COLUMN: Fiscal conservatives cry out at Bush’s policies
February 4, 2004
One of the latest canards to come from Bush’s apologists has been that his out-of-control spending is a result of his being a victim of circumstances beyond his control. Such a theory isn’t simply limited to shameless political hacks — in fact, it filters all the way up to the top ranks of the party. A prime example of this political myth-making is evidenced in a Wall Street Journal Op-Ed penned by White House budget director Joshua Bolten, who, while obsequiously praising the president’s economic plan, attempted to thwart critics of the administration by carving out a very limited budget picture in an attempt to favorably portray Bush’s reckless spending record.

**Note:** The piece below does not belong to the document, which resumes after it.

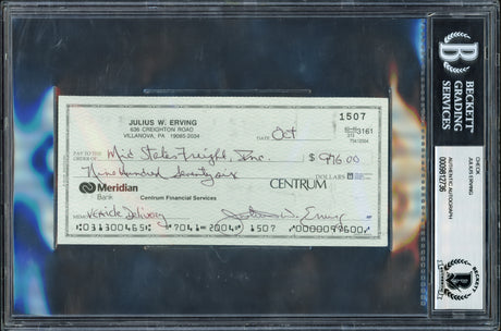 Julius Dr. J Erving Autographed 3x6 Check Philadelphia 76ers Beckett BAS #9812736

For example, Mr. Bolten’s main contention is that President Bush faced a “perfect storm” of economic crises upon taking office. This included the stock market collapse, the rash of corporate scandals, and Sept. 11, all of which resulted in a dramatic drop in government revenues. Coupled with necessary spending increases to fund improvements to homeland security, Bolten claims the record budget deficits Mr. Bush’s critics from both the left and right assail him for are simply the result of circumstances beyond his control.

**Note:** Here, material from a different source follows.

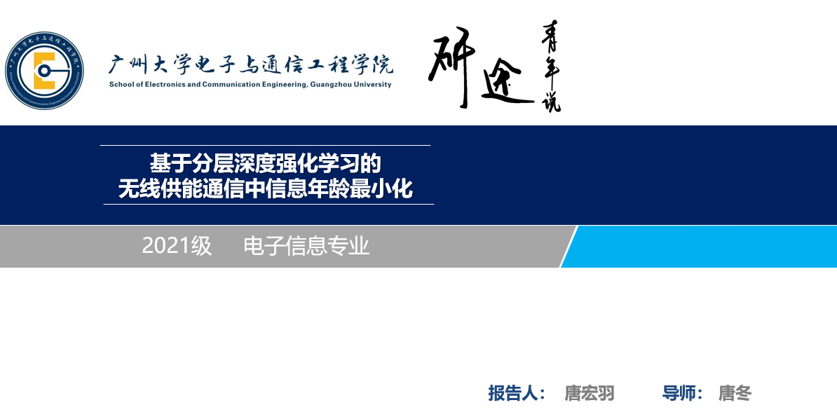 唐宏羽同学汇报的主题是基于分层深度强化学习的无线供能通信中信息年龄最小化,他的讲解主要包括以下五部分,研究背景、关键技术、系统模型、研究内容和研究难点。他首先介绍了关键技术:WPC和 BC 技术。紧接着详细介绍了基于机器学习的物联网入侵检测算法研究步骤:系统的状态采集、数据处理和信息传输过程对信息新鲜度的影响,通过结合 WPC和 BC 技术,设计一种联合优化采样策略来提升系统交付信息的新鲜程度,这对今后资源受限场景下新兴实时类物联网应用的进一步发展提供了重要的参考依据。最后,他对研究结果进行了全面的总结:对无线供能通信系统中的AoI最小化问题进行了研究。为了优化目的端的长期平均AoI,本文充分考虑了源端的采样成本并提出了一个新的JSUP方案,该方案优化了源端的状态更新模式并进一步研究了源端的发射功率对于AoI的影响。

There’s just one problem with this picture: It doesn’t match up with reality. Consider the first of Mr. Bolten’s claims — that more than “three quarters of that [discretionary spending] increase has been directly related to our response to 9/11, enhanced homeland security and the global war on terror.” Even the ever-reliable conservative stalwart Heritage Foundation begs to differ, putting the number at well below half of outlays. The Cato Institute’s breakdown of the actual numbers give even greater cause for skepticism — for example, what do a 60.8 percent increase in the Department of Education’s budget along with 56 percent boost to the Department of Labor over the first three years of Mr. Bush’s term have to do with “homeland security?” Perhaps the same thing that his request to massively increase funding for the National Endowment for the Arts does: absolutely nothing.

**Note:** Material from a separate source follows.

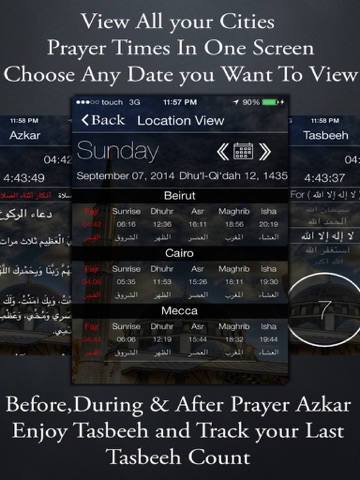 7-Before,During and After Prayer Azkar with fabulous view that showing the remaining time for the next prayer.

President Bush may have just cause for his significant boosts of funding to the Defense and State departments, but presidents thrust in similar circumstances before him have reacted with greater prudence. For example, Reagan’s massive defense buildup was partially offset by cuts to nearly every cabinet-level department, amounting to a net reduction of 13.5 percent in non-defense discretionary outlays compared to Bush’s 20.8 percent increase. If Bush can’t even manage to accomplish similar results with a friendly party in charge of Congress, what then does it say about his priorities?
Alas, as the president’s defenders contend, the fault lies with Congress. But perhaps they forget that as chief executive, he also wields the veto power. An excusable error, since Mr. Bush himself seems to have forgotten this fact as well. Of course, Mr. Bolten has an equally implausible scenario — the president simply “hasn’t needed” to ink his veto stamp — every bill that has come out of Congress has been satisfactory.
This, of course, would include everything from the bloated farm subsidy bill to the Medicare prescription drug benefit, which started off as the largest entitlement expansion since Lyndon B. Johnson’s Great Society, and since then has already had its costs revised upwards to nearly $600 billion in the next decade.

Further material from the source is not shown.